Among children, “infectiousness has been so far rarely studied and therefore cannot be conclusively assessed,” according to the assessment.

Public health expert Kurth said he supports school reopenings because the alternative, children staying home as parents return to work and struggle to find child care, “is not feasible.”

That does not mean a lack of risk, Kurth said. Last week, two schools in the state of Mecklenburg-Vorpommern closed within days of reopening because of new coronavirus cases.

Kurth said his cautious optimism is contingent on schools offering regular testing, organizing students into cohorts that do not mix, urging the ill to stay home and regular mask use. And while authorities have urged schools to keep students distanced, that has proven unrealistic in many cases. “I can’t separate the schoolyard into lots of small areas for each class — that makes not a lot of sense for children,” Herfet-Sternberger said.

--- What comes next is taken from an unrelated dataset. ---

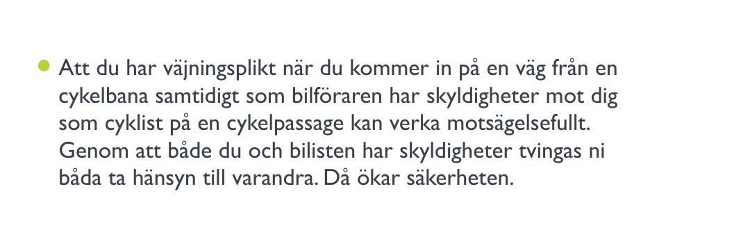Ovanstående innebär inte per automatik att bilisten har rätt att köra på cyklisten om den är ute på cykelpassagen, även om cyklisten har väjningsplikt.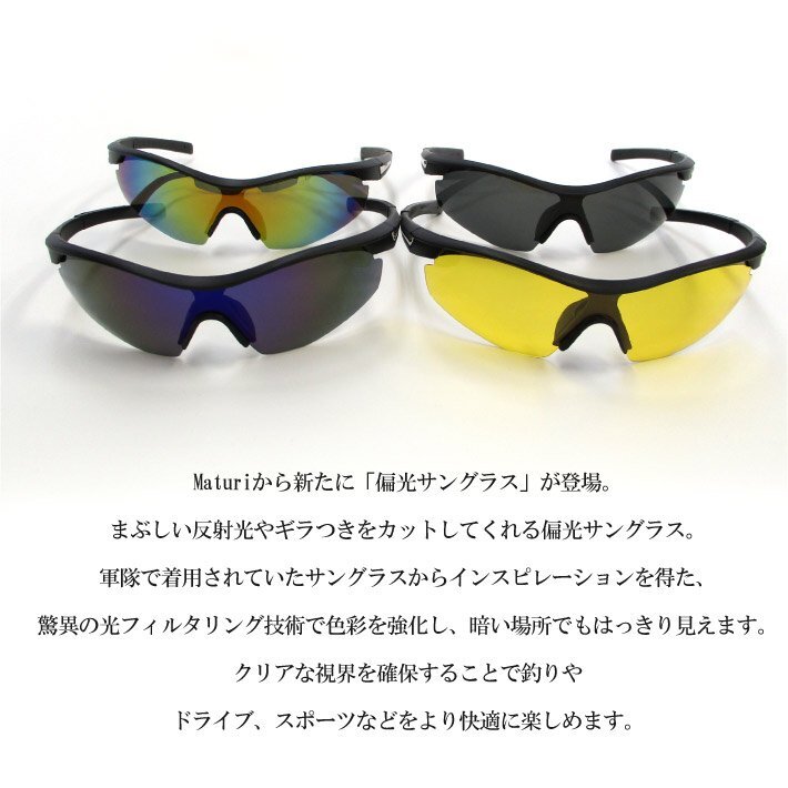 Maturiから新たに「偏光サングラス」が登場。 まぶしい反射光やギラつきをカットしてくれる偏光サングラス。 軍隊で着用されていたサングラスからインスピレーションを得た、驚異の光フィルタリング技術で色彩を強化し、暗い場所でもはっきり見えます。 クリアな視界を確保することで釣りやドライブ、スポーツなどをより快適に楽しめます。 テンプルは緩やかなカーブを描き、日本人の顔にフィットする設計。 ノーズパッド (鼻当て) は柔らかいゴム製なので、ズレにくく長時間つけていても痛くならないです。 フリーサイズ、ユニセックス。 ■カラー:レンズカラー:ブルーリボミラー(偏光)、フレームカラー:ブラック ■サイズ(約)レンズ横6.5cm×縦4.5cm、フレーム幅14cm ■重量:23g ■可視光線透過率:10.1% ■紫外線透過率:1%(UVカット率99%) ■素材:レンズ枠・プラスチック/テンプル・プラスチック ■付属品:専用ケース ※ケースは予告なく変更する場合がございます、予めご了承下さいませ。 ※ご覧のモニターやプラウザの設定、照明等により、画像と実物の色合いが若干異なる場合がございます。 ※製造上の過程により商品によっては細かな傷がある場合が御座います予めご了承下さいませ。 | |

Heinz-Peter Meidinger, the president of the German teachers’ association, said masks should be mandatory inside classrooms. At least one state is following that guidance, but most are not or are still in the process of deciding.

Germany’s state-level education ministries say they are prepared to be flexible in case of a rise in infections.

“We have many plans in the drawer,” said Fabian Schmidt, a spokesman for Baden-Württemberg’s Ministry of Cultural Affairs and Youth. With a mid-September start date, the state, in Germany’s southwest, is the last of the country’s 16 states to open schools.

Those contingency plans include more distance learning, Schmidt said but declined to go into further detail.

The real test, public health officials say, will come with the colder weather, when activities are forced inside, and the regular cold and flu season picks up.